Hollow Knight: Silksong is soaring on Steam. Just 24 hours after release it’s taken over the sales charts, hit a concurrent player peak of over 550,000, and received rave reviews from fans. But not in China. The long-awaited Metroidvania has instead been getting review-bombed by Chinese-language users on Steam who feel the translation this time around is much worse than that in the first Hollow Knight. The head of marketing for the game has already promised to put things right.
“To our Chinese speaking fans: We appreciate you letting us know about quality issues with the current Simplified Chinese translation of Hollow Knight: Silksong,” Matthew Griffin, in charge of publishing for the game, wrote on X. “We’ll be working to improve the translation over the coming weeks. Thanks for your feedback and support.” Despite the good news, his post has been inundated with comments and quote-tweets, many slamming the fact that the game launched without better quality checks for the Chinese localization.
According to localization expert Loek van Kooten, one of the main issues is that Silksong‘s evocative but concise writing has been turned into “a high-school drama club’s Elizabethan improv night” in the Chinese versions.
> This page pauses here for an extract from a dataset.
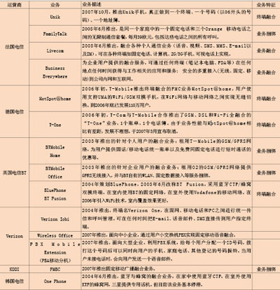 從全球范圍來(lái)看,大多數(shù)重要的固定運(yùn)營(yíng)商、移動(dòng)運(yùn)營(yíng)商和綜合性運(yùn)營(yíng)商都已經(jīng)開(kāi)始或計(jì)劃提供各種形式FMC業(yè)務(wù)(見(jiàn)表)。其中大多數(shù)運(yùn)營(yíng)商提供捆綁業(yè)務(wù)和簡(jiǎn)單的融合業(yè)務(wù),而歐美的一些頂尖運(yùn)營(yíng)商已推出基于融合終端的FMC業(yè)務(wù)。
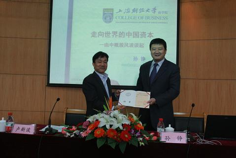 2012年11月2日上午,上海财经大学副校长、博士生导师孙铮教授受聘为我校兼职教授,我校副院长卢新波教授为其颁发了聘书。受聘仪式结束后,孙铮教授做了题为“走向世界的中国资本——由中概股方波谈”的学术报告。会计学院部分教师、研究生和本科生参加了此次报告会。

He cites the following as an example of how the prose reads:
With nary a spirit nor thought shalt thou persist, bereft of mortal will, unbent, unswayed. With no lament nor tearful cry, only sorrow’s dirge to herald thine eternal woe. Born of gods and of the fathomless abyss, grasping heaven’s firmament in thine unworthy palm. Shackled to endless dream, tormented by pestilence and shadow, thy heart besieged by phantasmal demons. Thou art the chalice of destiny. Verily, thou art the Primordial Knight of Hollowness.
Van Kooten goes on to point out that one of two of Silksong‘s Chinese translators, listed as Hertzz Liu in the credits, had a habit of gloating about their involvement in the game and leaking small details about the development process over the summer prior to its release this week. The first Hollow Knight, on the other hand, had six Chinese translators, including one who had also worked on Stardew Valley.
no,you don’t hate localizer enough. we need translator,not a fanfic writer that doesn’t convey author’s original intention,the whole localization industry is a scam https://t.co/5Q8fBB6UiH
— NKRZE (@nekorize) September 5, 2025
Here’s a Valve-translated portion of one Steam review blasting the Chinese verison:
First, the god-awful Chinese translation that everyone is mocking. It’s not just pretentious, pseudo-artistic nonsense—the phrasing and even the localization of place names are an absolute mess. I don’t understand how Hollow Knight’s fantastic, quotable translation turned into this unsalvageable heap of garbage in Silksong. The utterly idiotic localization has even affected the game’s world-building and storytelling, forcing me to guess at character relationships and main plot points. Thankfully, the combat holds up, or else I’d be completely disgusted.
Silksong currently sits at a staggeringly low rating of just 50 percent out of 10,000 reviews in the simplified Chinese category. That would be enough to significantly stunt the game’s Steam rating worldwide, at least in the short-term, had Valve not implemented a recent change that segments Steam reviews by language for exactly this reason. Now review-bombing in one country for region-specific issues doesn’t bleed over into a game’s overall perception globally.
Unlike when Hollow Knight released eight years ago, Chinese language users now make up the largest group on Steam. While poor translations don’t hurt a game for anyone who’s not reliant on them, they can limit a game’s trajectory on the Valve-owned storefront. Somehow I ultimately don’t think that will be a problem for Silksong, especially once Team Cherry gets the Chinese translation sorted.